A country’s lies exposed

We surely do live in interesting times nowadays! The originals of those words are embedded in the much more popular proverb, “May you live in interesting times”, which in their original expressions, are not meant to be positive. In the north, these times are as interesting as they can get; what with Boko Haram continuing to unleash terror that is claiming lives on a regular basis.

These times are also interesting because a statistical report released by the National Bureau of Statistics revealed that in this land of perceived hunger, Nigerian households are spending more money talking to each other or talking to nobody in particular than they spend on something as essential as food! That says a lot, doesn’t it? You’ll have to think long and hard if you were debating the topic of how there are ajority of Nigerians living under poverty line! Statistics! Damn statistics! Even more, damn, statisticians and their brothers—economists!

I am sure that for some reasons, of which when you get to know, you’ll feel sorely ashamed and then become disoriented for much of the remaining part of your life, those who lead this country, did not imagine that the euphoria that followed the back slapping and celebration of our economy becoming the largest in Africa, after the rebasing exercise announced on April 6, 2014.would be overshadowed by  a very grave incident, the abduction of over 200 innocent school girls in what is now truly known to be a neglected, even forgotten, area called Chibok.

You get to know how truly backwaters it is as a part of this country when you see all the pictures that the Cable News Network (CNN), AlJazeera, and the likes have been bringing to our living rooms and offices since ‘Bring Back Our Girls’ broke and began to draw enough global attention to make these networks camp out in Chibok.

I don’t know how the federal government and its officials are feeling right now, but you can be sure that this feeling will also include stomach churnings, the type that will be sending them to the toilet every time they tune on to CNN or they as much as hear the name ‘Oby Ezekwesili’, who is showing all of us that there is a good use of life and time on this earth no matter your status in life, even after a stint at the World Bank.

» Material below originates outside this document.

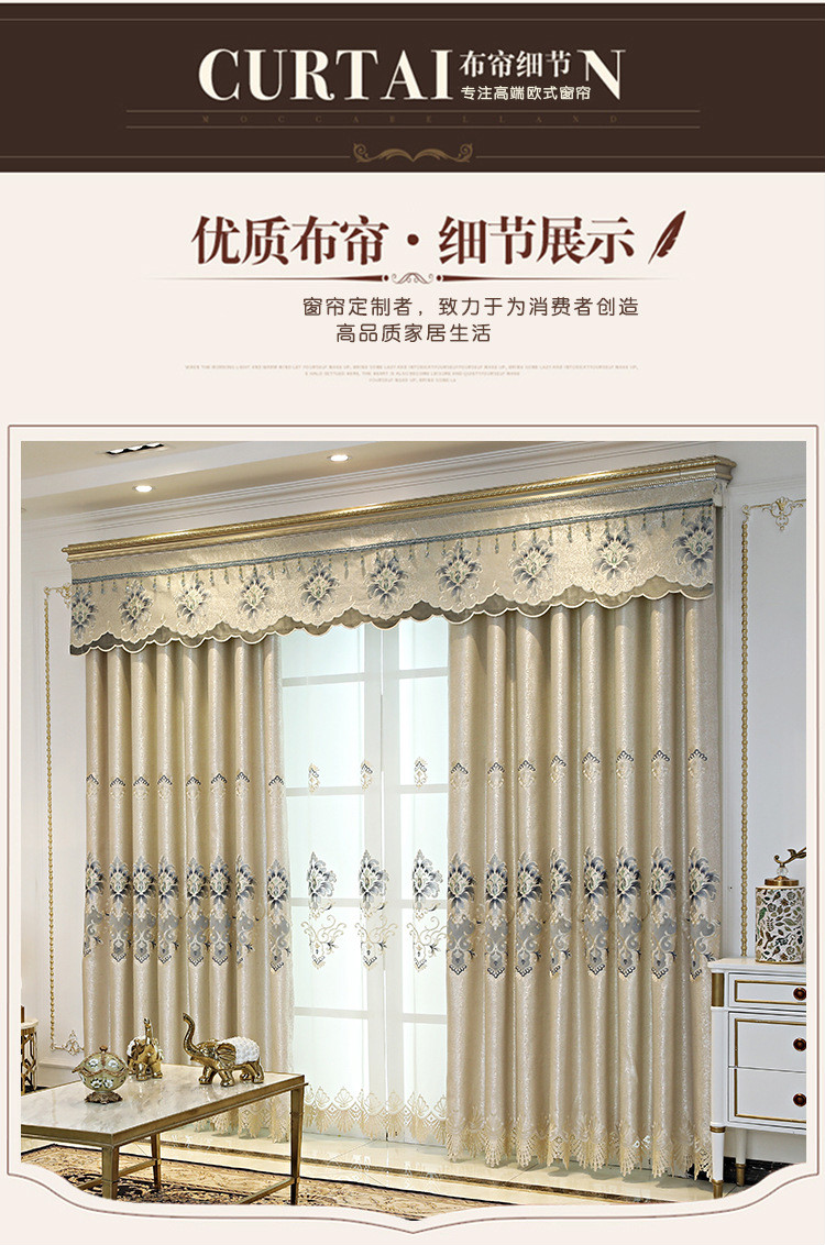 席韻の家紡のヨーロッパ式の客間の寝室の遮光の刺繍のカーテンの寝室の客間の室内は注文して万頃の瑠璃-ほこりの布を注文して広く1メートル*高さの2.7メートルの単価(韓のしわの針)を注文して高くなることができます

And did you see how Isha Sesay the other day; and the other day, grilled Labaran Maku, our Information minister, who, on one particular night, was ‘torn’ to pieces by Sesay and he couldn’t say, like they normally say to hapless Nigerian journalists, “I will call your publisher or MD and report you, you this bloody journalist”? And in some extreme cases, when the power becomes very intoxicating, ask a police orderly to “deal with that journalist”. Standing toe to toe with Labaran Maku, Isha Sesay was dealing serious upper cuts to the minister demanding answers from him on the failure of his government to respond properly to the sudden disappearance of close to 300 young girls with the whole of their future ahead of them! Of course, with the cameras rolling, with the whole world watching, all the minister could do was offer wry smiles, but you could see how uncomfortable he was throughout the short session.

There is a broader narrative in all that’s going on right now, especially surrounding the kidnapping of these young school girls. It’s a Nigerian narrative. It’s something we have all always thought we knew but which are issues we often sketched around. In a sense some government officials might see the intense international media focus as intrusive, but they really can’t do anything about it.

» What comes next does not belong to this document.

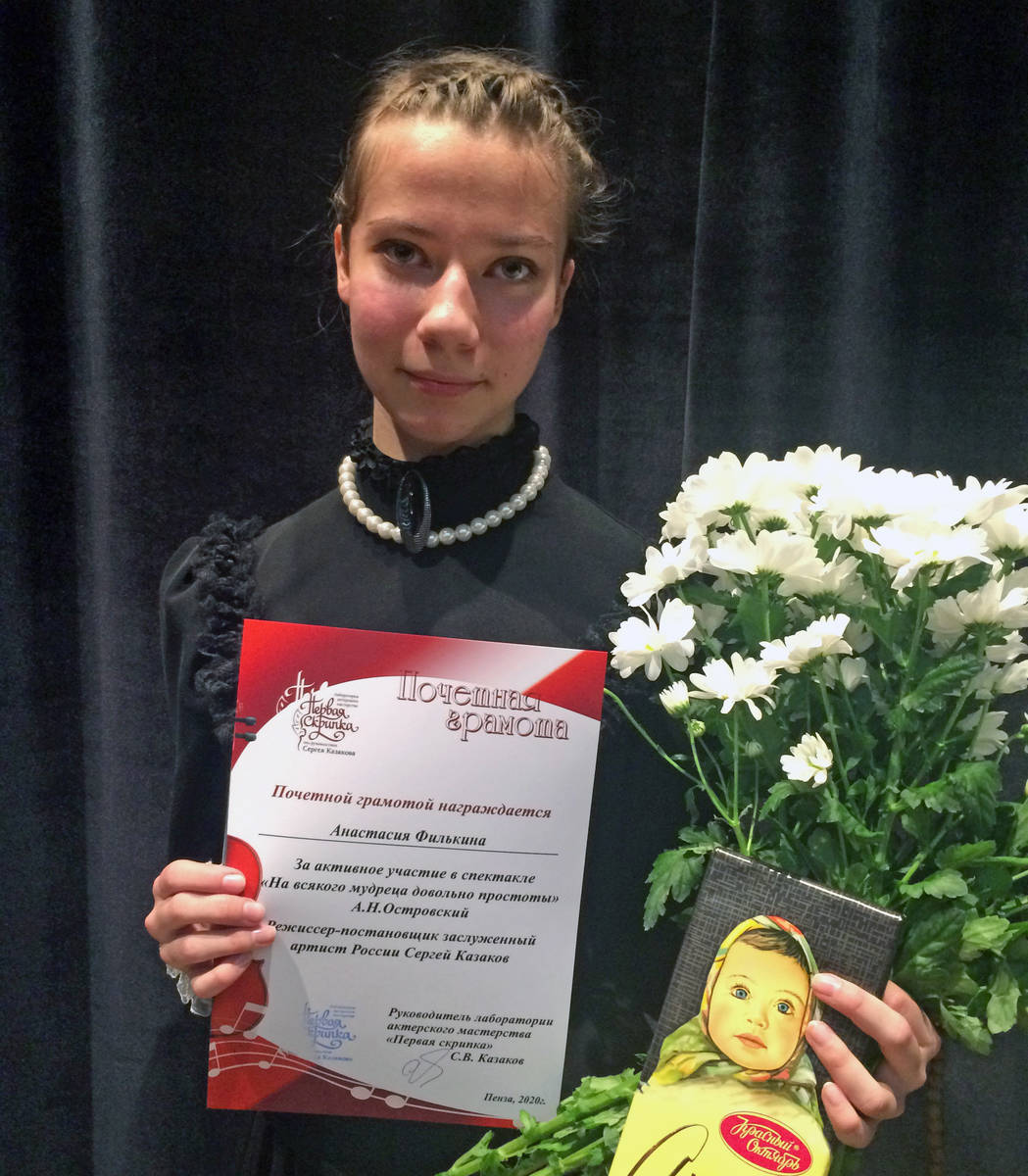 20 января на малой сцене Пензенского областного драматического театра им. А.В.Луначарского состоялась премьера спектакля "На всякого мудреца довольно простоты" по пьесе А.Н. Островского под руководством заслуженного артиста России Сергея Казакова. Смешная поучительная комедия актуальна и в нашем современном мире. Она показывает зрителям главные пороки человечества - глупость, лживость, подхалимство. В спектакле играли актёры - ученики лаборатории актёрского мастерства «Первая скрипка». В роли богатой и властной вдовы Софьи Игнатьевны Турусиной - ученица 9А класса Анастасия Филькина.

This is now an international matter; and once something goes global, there is little you can do to keep away the international media. It very quickly goes out of your hands and out of your control. So as the world gets to see our country much more broadly, this narrative is opening our eyes to see our own land even better.

As the international cameras roll on in Chibok and further into the other parts, towns and villages, on the way to Chibok, we see evidence of how our leaders deceive us; telling us that they are doing things, when most of what we see is that they have been doing ‘underdevelopment’. Yes, that’s what they do mostly. We see poverty. We see neglect. We see the lies. Then, we are able to make up our minds that outside their capitals and their acknowledged big cities, some of which were actually built by colonialists, governments care very little what happens in the hinterlands.

Chibok was just another name; and even didn’t exist for some other people, until Boko Haram terrorists went to carry away young girls from their school dormitories, after what must have been a horrific awakening from sleep! But as the television cameras bring us pictures from the school showing how the terrorists razed down its buildings, we also can see the surrounding areas. We can see some areas even beyond the school and we can see that this was a forgotten town before now. It’s perhaps a town forgotten in the recent rebasing of the economy, we can never know.

But so are many parts of the country, until something like this happens. Or it even happens elsewhere and nothing is heard, nothing is said. The victims get forgotten!

The Nigerian media largely know this – that there are many areas where government demonstrates a high level of incompetence. And the media have been saying this for such a long time. You don’t need anyone to cry in public and say, “there’s God o”, to confirm this incompetence. This ongoing crisis has only helped to draw world-wide attention to the scale of the incompetence, the lies that are at the heart of governance.

We live with politicians who would make promises in voodoo-like manner; and end up doing little to nothing!